Whether it incorporates an LLM or not, an intelligent agent is a software program that can:
- Accept input about a goal to be accomplished.
- Reason and create plans to address the stated goal as well as situations presented to it in the process of accomplishing the goal (implying that it can sense its environment),
- Act autonomously on the plan it deems most appropriate (implying that it must be able to track its performance), and
- Learn and improve its performance over time (implying that it can modify its knowledge based on feedback it receives from its environment).
To accomplish these operations, an intelligent agent has a model of the world where it operates. An LLM can be a component of an intelligent agent, particularly agents that work in domains that are based on grammar, e.g., data analysis, programming, and protein folding.
An intelligent agent must have the following properties:
- Flexibility: The agent must be able to adapt to changing circumstances and modify its behavior as the world around it changes.
- Reliability: The agent must be able to perform its tasks reliably, handling unexpected events, and recovering from errors.
- Explainability: The agent must be able to explain its reasoning and its decisions. In this way, users will understand how the agent works and trust it.

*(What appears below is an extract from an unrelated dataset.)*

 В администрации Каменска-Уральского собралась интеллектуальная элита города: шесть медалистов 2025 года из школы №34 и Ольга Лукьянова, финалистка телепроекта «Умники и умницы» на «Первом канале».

If the LLM of these agents is connected to a knowledge base with industry knowledge, it can be used to automatically refine the goal that is stated by the user which facilitates the formulation of one or more plans, generate queries to retrieve data that can be used by the candidate plans created by the agent’s planning component, and process the results of the performed actions by summarizing them and explaining them to the user.
Generative AI has quickly emerged as yet another important field within AI. While it has led to incredible excitement among investors and entrepreneurs leading to the formation of hundreds of new startups, just based on the data in our firm’s database. Our corporate partners have started to investigate its potential to address existing problems some of which are addressed with applications that employ other technologies, as well as be a key ingredient in solving new problems. However, they see these as preliminary sandbox efforts and are not yet ready to allocate a significant budget for them. As a result of the excitement for generative AI, our portfolio companies see greater demand for their solutions even if they utilize discriminative AI approaches. Though we will pursue our new generative AI investment theses, we will not ignore the AI theses we have been pursuing and around which we have already built a strong portfolio and continue to receive extremely promising business plans.

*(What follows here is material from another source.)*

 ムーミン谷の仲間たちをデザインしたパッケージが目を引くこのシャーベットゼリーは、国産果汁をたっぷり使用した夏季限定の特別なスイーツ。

In my forty years of work with AI, I have seen several “AI springs” that came as a result of a particular technology. During every AI spring, we saw the creation of many venture-backed startups, most of which ended up stalling after an initial period of high expectations that was characterized by large funding rounds and stratospheric valuations. In all cases, the culprit of their demise was overpromising and underdelivering to customers that were also moving slower than the startups expected them to. We may see the same outcome this time as well. For this reason, the next twelve months will be critical for generative AI. The startups will need to use the funds they can raise to both educate their prospective customers about how generative AI will benefit their enterprises but also deliver the value they claim their solutions will bring.